Organisers:
André Ouwehand, OTB Research for the Built Environment, Delft University of Technology, A.L.Ouwehand@tudelft.nl
Brian Doucet, Department of Social and Behavioural Sciences at Erasmus University College in Rotterdam, brian.marc.doucet@gmail.com
‘Death and life of great American cities’ is “an attack on current city planning and rebuilding” (1961/1992, p. 3). Jane Jacobs fervently criticises Ebenezer Howard’s Garden City, the City Beautiful movement and Le Corbusier’s Radiant City and construes her principles for great cities: a mix of functions, short building blocks, a mix of buildings of different age and a high dwelling densities, based on analysis of everyday life in the city and especially in the streets. Those four conditions should enable vitality and diversity, the main characteristics and qualities of great cities as Jacobs sees it.
She also includes a disclaimer: that she hopes that “no reader will try to transfer my observations into guides as to what goes on in towns, or little cities, or in suburbs which still are suburban.” She acknowledges that peripheral neighbourhoods and suburbs will often later be engulfed in cities and wonders “whether they can adapt to functioning successfully as city districts.” (ibid., p. 16).
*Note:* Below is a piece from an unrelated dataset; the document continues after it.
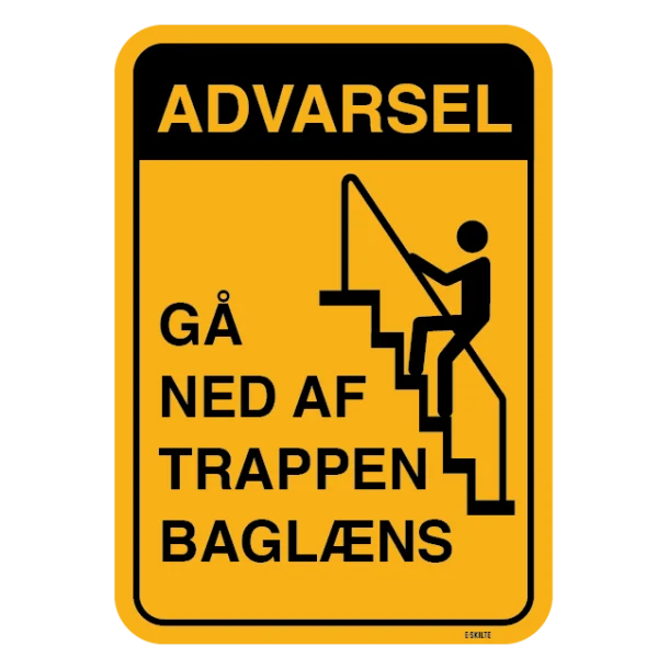 Øg sikkerheden med et “Advarsel gå ned af trappen baglæns” skilt

But in her quest to criticize modern planning, she does not only pose the question about the functioning of the suburbs, but also answers it and could not hide that she loathed them and so did a lot of her followers. She met a lot of adherence, but also criticism, for instance of Herbert Gans who questioned her preference for a rather working class/bohemian way of life and not taking in account the preference of the middle class. He also questioned whether visibility is the only measure of vitality (Gans 1991/1962).
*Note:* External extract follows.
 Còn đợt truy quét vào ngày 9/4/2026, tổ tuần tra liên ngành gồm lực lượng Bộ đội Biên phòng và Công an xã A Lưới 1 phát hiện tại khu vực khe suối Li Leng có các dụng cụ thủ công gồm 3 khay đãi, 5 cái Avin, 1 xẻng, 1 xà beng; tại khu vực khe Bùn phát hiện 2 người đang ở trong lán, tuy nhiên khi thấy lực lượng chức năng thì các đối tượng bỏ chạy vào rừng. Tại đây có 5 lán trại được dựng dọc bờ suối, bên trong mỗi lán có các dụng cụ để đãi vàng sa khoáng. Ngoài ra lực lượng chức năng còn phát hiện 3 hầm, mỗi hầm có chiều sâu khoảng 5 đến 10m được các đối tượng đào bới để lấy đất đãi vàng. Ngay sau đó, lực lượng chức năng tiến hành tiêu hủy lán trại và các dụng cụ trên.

Nowadays we see that (still) a lot of the suburbs that were despised, are popular residential districts, with more diversity than we obviously would presume. We also see that many neighbourhoods which adhere to Jacobs’ principles are gentrified and some of the most desirable (and expensive) parts of cities. While Jacobs was not an advocate of gentrification, her principles have become so valued that in many cities, living in these neighbourhoods has become an elite privilege.
In this workshop we welcome papers that use Jane Jacobs’ tools of looking at everyday life to analyse the functioning of neighbourhoods, the way her ideas influence gentrification and neighbourhood change. In addition to traditional urban areas, we are also interested in (former) suburbs and papers that analyse the way neighbourhoods adapt to changes in society and are adaptive for different ways of life.